Hernias, Abstinence and Guardian Angels on the Move

I was searching through my archives at Mile High Mamas for some content and stumbled upon this 10-year-old gem. Enjoy!

Last weekend, my husband Jamie helped his brother move to Utah. It allegedly went smoothly. Well, if you can count the U-haul’s brakes catching on fire going smoothly. Jamie called it a minor inconvenience.

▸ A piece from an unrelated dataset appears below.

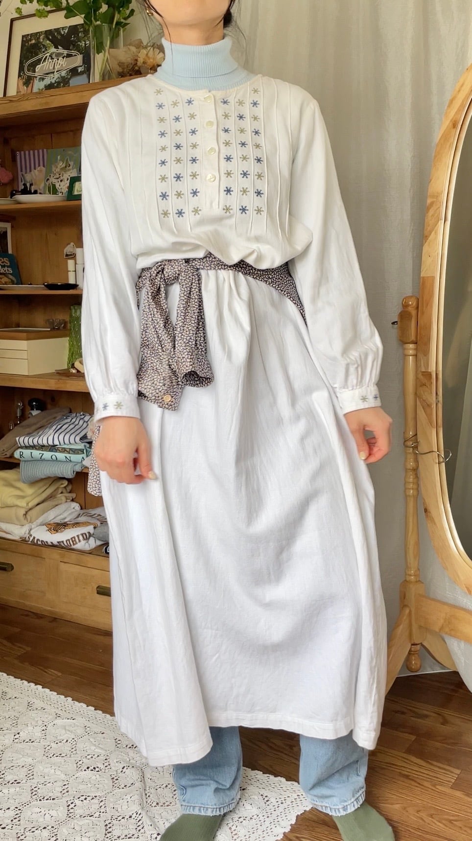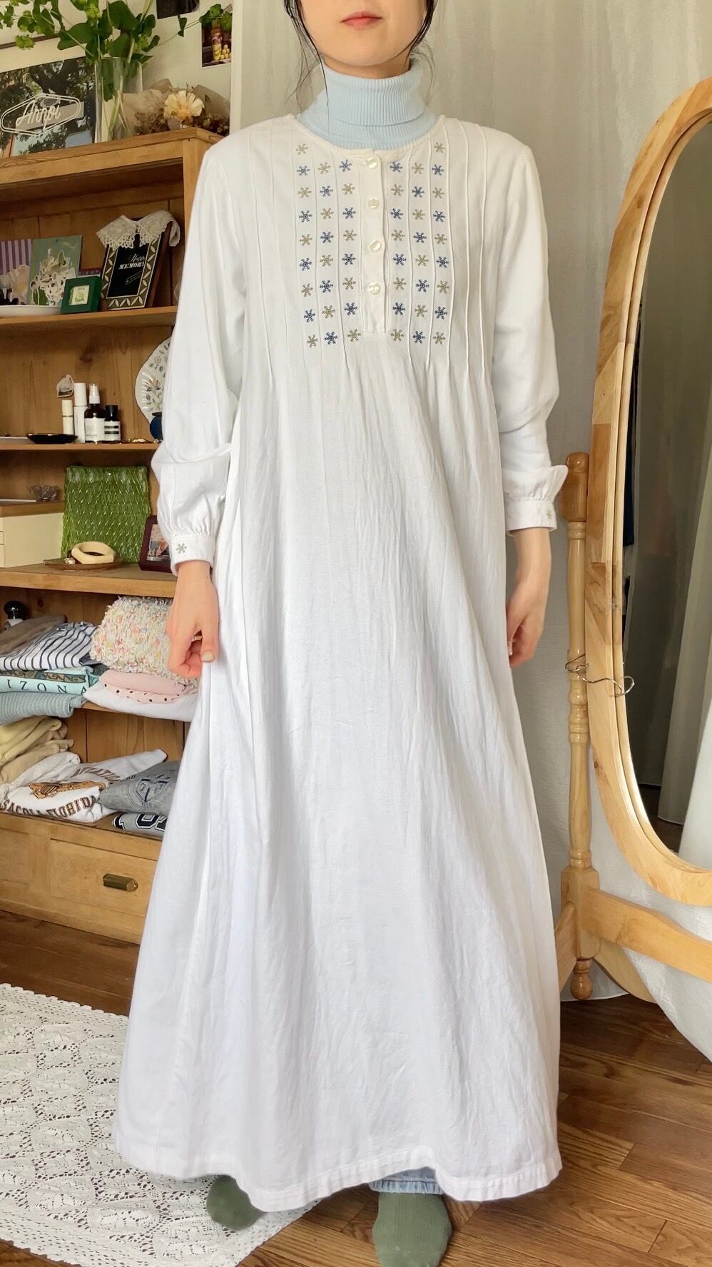 L.L.Bean 刺繍ワンピース ホワイト

It is a drive we did many times while we were dating. I lived in Salt Lake City while he called Denver home. Prior to our wedding, the plan was for him to fly to Utah and help me move to Colorado.

Until he got a hernia.

He had the choice to have the surgery before or after our wedding. We were holding out for Operation Consummation on our wedding night and call me crazy but a hernia just did not seem like a viable part of the process. “OF COURSE YOU WILL HAVE THE SURGERY BEFORE!” I yelped. I think I even used all-caps.

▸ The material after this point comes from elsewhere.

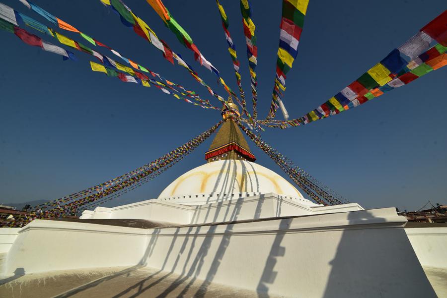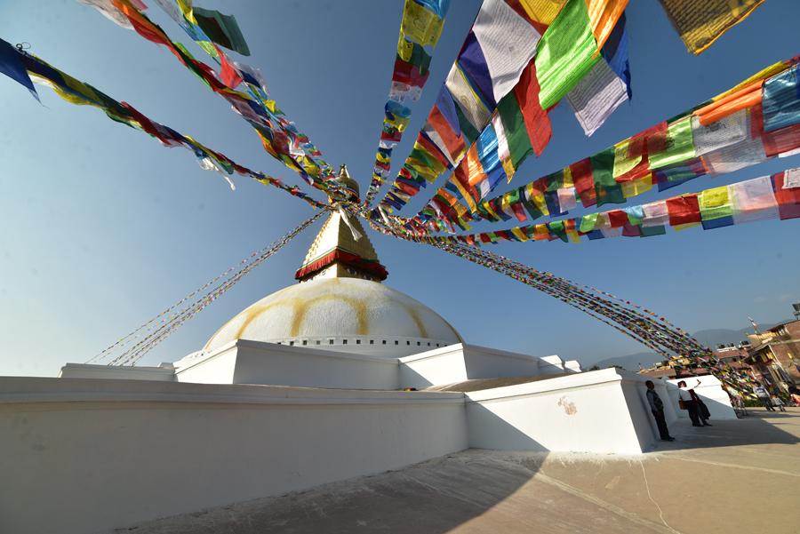 Dès les premiers pas dans le sanctuaire, on est immédiatement saisi par la puissance spirituelle qui se dégage du lieu. Avec une circonférence de cent mètres et une hauteur de trente-six mètres, le stupa de Bodhnath est le plus grand du Népal et force le respect. Sous les yeux de Bouddha, dessinés sur chaque face du monument et qui semblent vous observer où que vous soyez, on se sent tout petit. Les drapeaux de prières, virevoltant dans le vent, sont autant d’éclats de couleur qui contrastent avec la blancheur immaculée du dôme.

And for all those naysayers who do not believe abstinence is feasible in today’s society, throw in a hernia. Trust me, it works.

This left me to execute the move by myself. I threw the biggest, baddest going-away party around – one with loads of food…and boxes (hence the badness).

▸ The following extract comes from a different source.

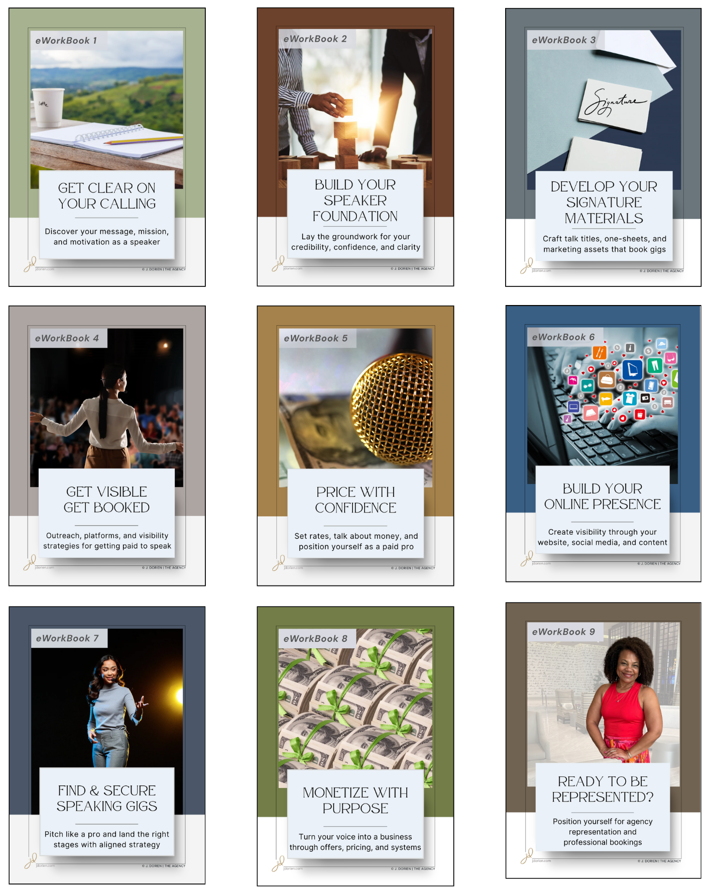 Together, these resources help speakers move from having a message to building a professional speaking platform.

I was feeling like an empowered woman of the 2002s as I set out on the highway with my Grand Cherokee towing all my treasures. My trip was going well until the weight of the load blew out my tire in the middle of nowhere.

So, there I was stranded somewhere between Green River and Grand Junction when my guardian angel pulled up beside me. Actually, he appeared in the form of a financial analyst who was going through a painful divorce and was returning from a trip to Las Vegas.

He not only helped fix my tire, but followed me to the nearest gas station where we parted ways. A few miles down the road, he flagged me over, concerned about the different levels of air in my tires. He then slowly tailed me all the way to Grand Junction until I was safely in the care of a tire center. Evidently they breed guardian angels in that town.

Too bad he didn’t stick with me the rest of my drive. There was the blizzard atop Vail Pass that delayed me for two hours. Then when I was about two miles from Jamie’s condo, I looked out my window to see something that looked suspiciously like the bar-end on my bike. Turns out the storm had massacred my bike rack and I drove about 10 mph the remainder of the drive as my bike flopped like a dead fish off the side of my Jeep.

When I finally arrived at the condo, I collapsed into Jamie’s arms, blubbering about my ordeal and cursing his hernia.

I later got my revenge: I was exempt from moving and painting our new house because I was eight months pregnant.

Though I don’t know if I can call a weak bladder, killer heartburn and a 40-pound weight gain retribution.